> **WHAT THIS TASK INVOLVES**
A faithful copy of each record is required, minus the images.

> **DATASET ENTRIES**
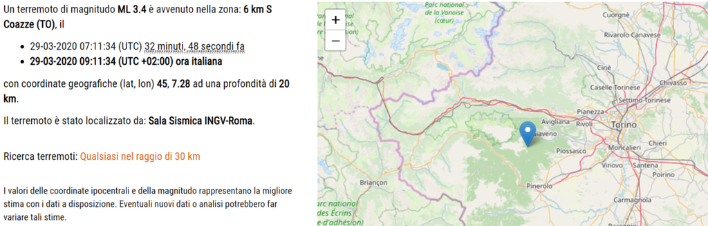 Scossa di terremoto in provincia di Torino: epicentro a Coazze
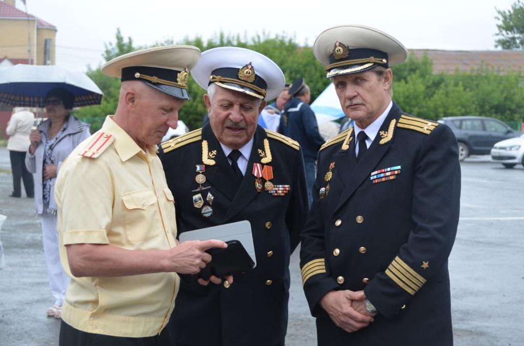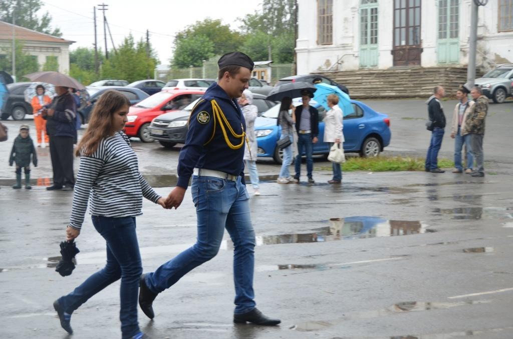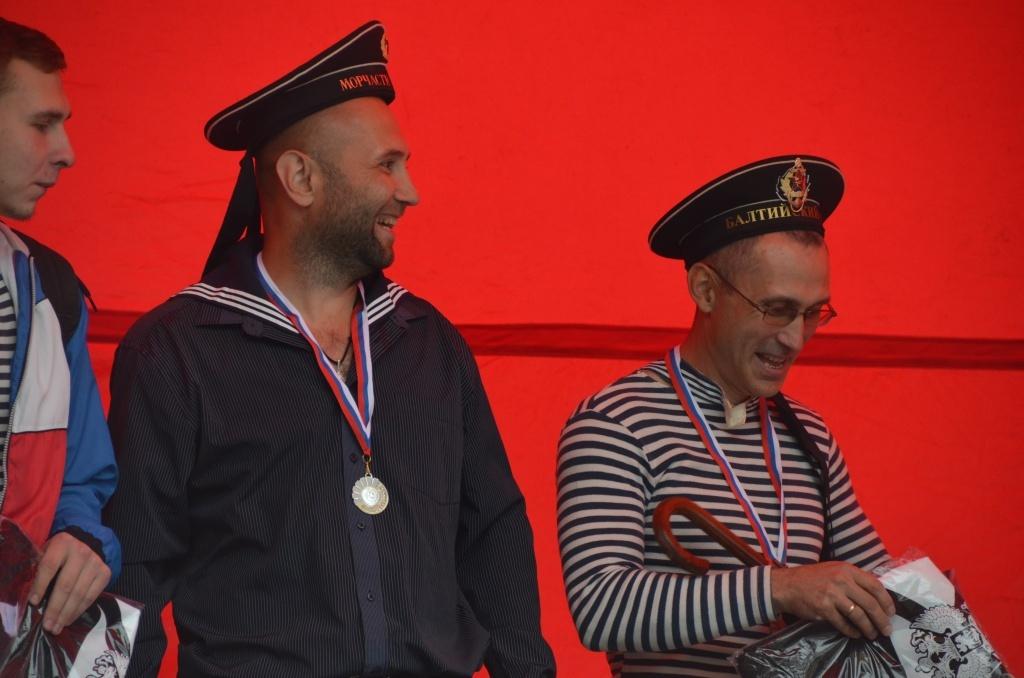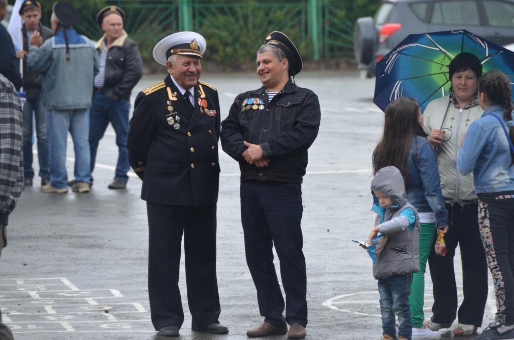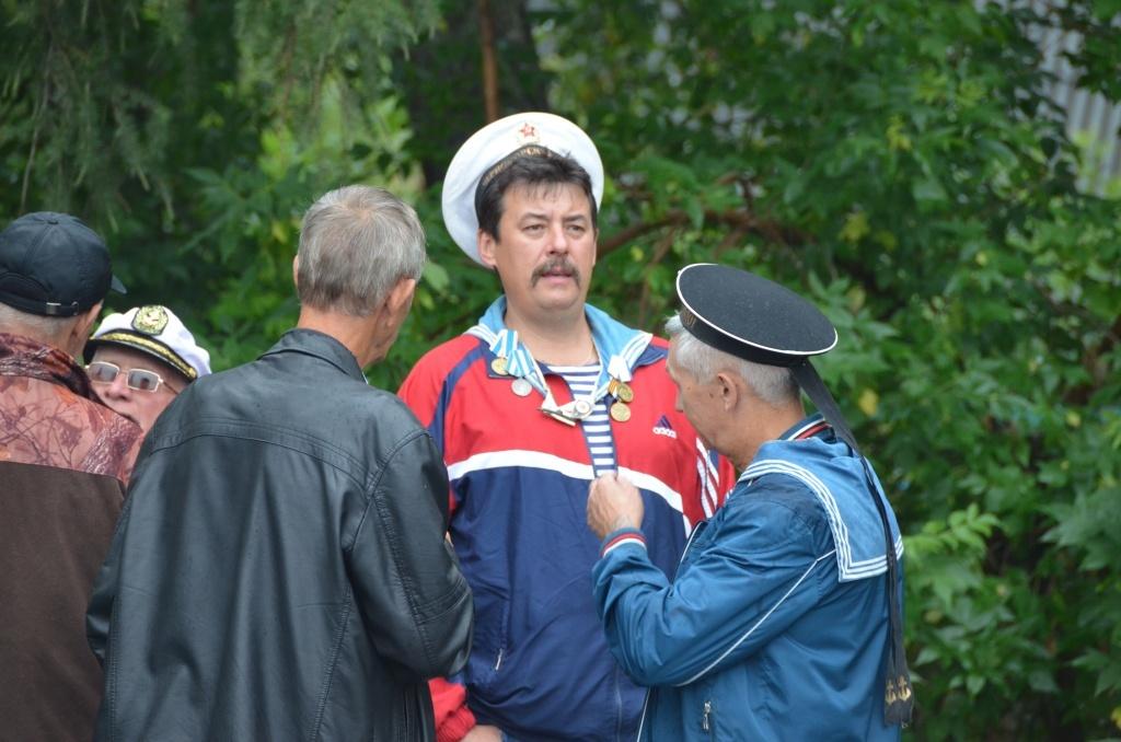 Так говорят моряки: ветераны и совсем молодые парни, поздравляя друг друга с праздником. Прицерковная площадь превратилась в палубу корабля. Мужчины в тельняшках – совсем новых и повидавших много выходов в море, развевающиеся ленты на бескозырках, дружный хохот, и почти у каждого на груди – медали, ордена, почетные знаки. День военно-морского флота нынче был скромным: размахнуться с гуляниями помешала погода. Но традиции нарушать не стали: не обошлось без торжественного возложения цветов и венков к мемориалу и любимых соревнований по арм-рестлингу. В них поучаствовали шестеро самых мужественных и сильных. Абсолютным победителем стал Виктор Черноскутов – он служил на Черноморском флоте. Второе место занял Сергей Антипин, третье досталось Алексею Быкову. Он, кстати, на сегодня – самый молодой моряк в Сысерти. Алексей отслужил в морской пехоте на Балтийском флоте. По словам Владимира Борисовича Шибаева, Леше повезло, что его призвали на срочную службу в море – сейчас там все чаще служат контрактники. Всего в Сысертском районе около трехсот “морских волков”. У них есть своя общественная организация – клуб “Экипаж”, которым руководит капитан второго ранга Сергей Егорович Сабуров.
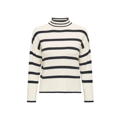 ONLY Women's Onlibi L/S Higneck Pullover CC KNT Sweater, Whitecap Grey/Stripes: White/Melange/Black, M
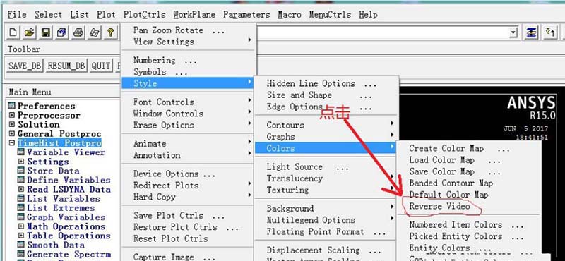 2、依次將鼠標移動到PlotCtrs-Style-Colors-Reverse Video,然后點擊Reverse Video,可以看到窗口背景已經由原來的黑色變為白色背景顏色了,如下圖
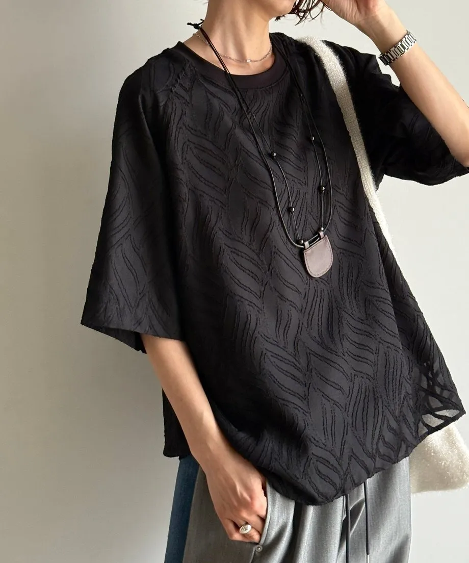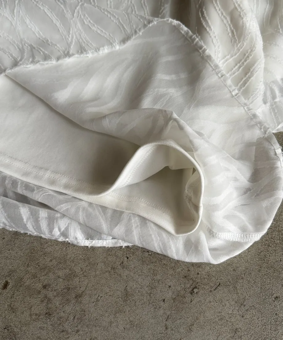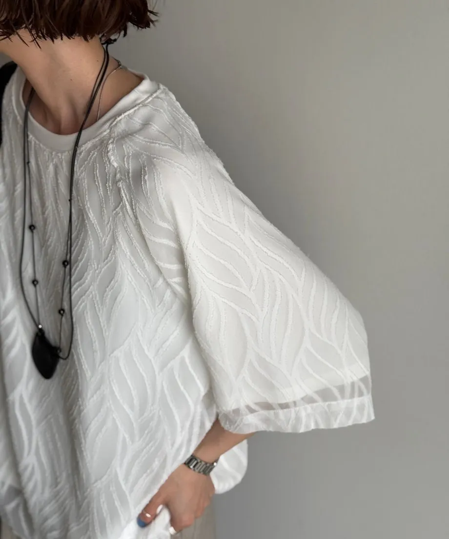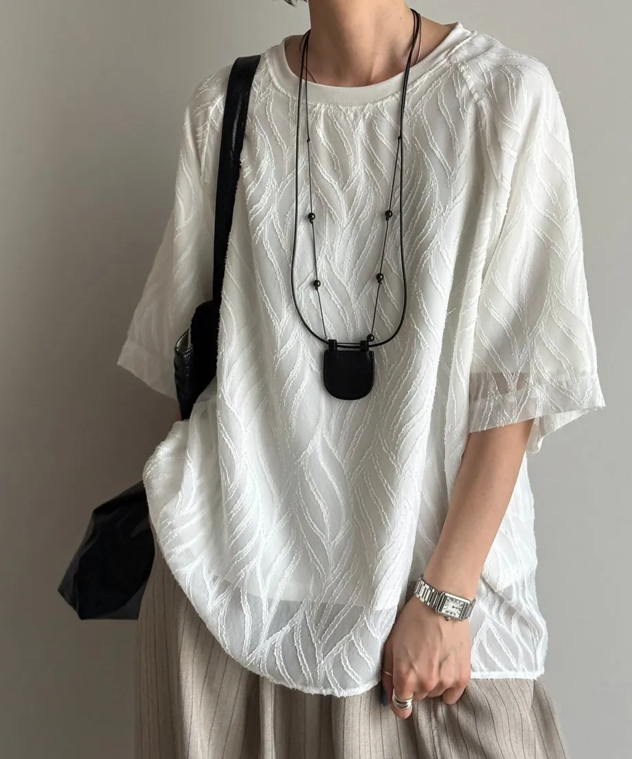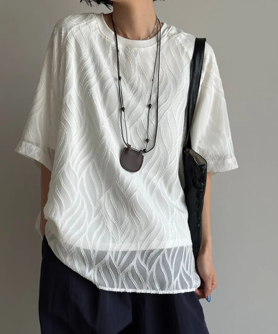 今日追加通知白色補貨囉!^^重點價格還有小折扣有詢問的不要錯過囉透明提花波浪刺繡圖騰造型上衣寬鬆輪廓垂墜五分袖 透明面料與帶有波浪紋樣的提花面料巧妙融合同色調的內裡一件呈現透明感&立體感優雅又兼具個性氣質 數量限定

> **THE ANSWER**
 Scossa di terremoto in provincia di Torino: epicentro a Coazze
 Так говорят моряки: ветераны и совсем молодые парни, поздравляя друг друга с праздником. Прицерковная площадь превратилась в палубу корабля. Мужчины в тельняшках – совсем новых и повидавших много выходов в море, развевающиеся ленты на бескозырках, дружный хохот, и почти у каждого на груди – медали, ордена, почетные знаки. День военно-морского флота нынче был скромным: размахнуться с гуляниями помешала погода. Но традиции нарушать не стали: не обошлось без торжественного возложения цветов и венков к мемориалу и любимых соревнований по арм-рестлингу. В них поучаствовали шестеро самых мужественных и сильных. Абсолютным победителем стал Виктор Черноскутов – он служил на Черноморском флоте. Второе место занял Сергей Антипин, третье досталось Алексею Быкову. Он, кстати, на сегодня – самый молодой моряк в Сысерти. Алексей отслужил в морской пехоте на Балтийском флоте. По словам Владимира Борисовича Шибаева, Леше повезло, что его призвали на срочную службу в море – сейчас там все чаще служат контрактники. Всего в Сысертском районе около трехсот “морских волков”. У них есть своя общественная организация – клуб “Экипаж”, которым руководит капитан второго ранга Сергей Егорович Сабуров.
 ONLY Women's Onlibi L/S Higneck Pullover CC KNT Sweater, Whitecap Grey/Stripes: White/Melange/Black, M
 2、依次將鼠標移動到PlotCtrs-Style-Colors-Reverse Video,然后點擊Reverse Video,可以看到窗口背景已經由原來的黑色變為白色背景顏色了,如下圖
 今日追加通知白色補貨囉!^^重點價格還有小折扣有詢問的不要錯過囉透明提花波浪刺繡圖騰造型上衣寬鬆輪廓垂墜五分袖 透明面料與帶有波浪紋樣的提花面料巧妙融合同色調的內裡一件呈現透明感&立體感優雅又兼具個性氣質 數量限定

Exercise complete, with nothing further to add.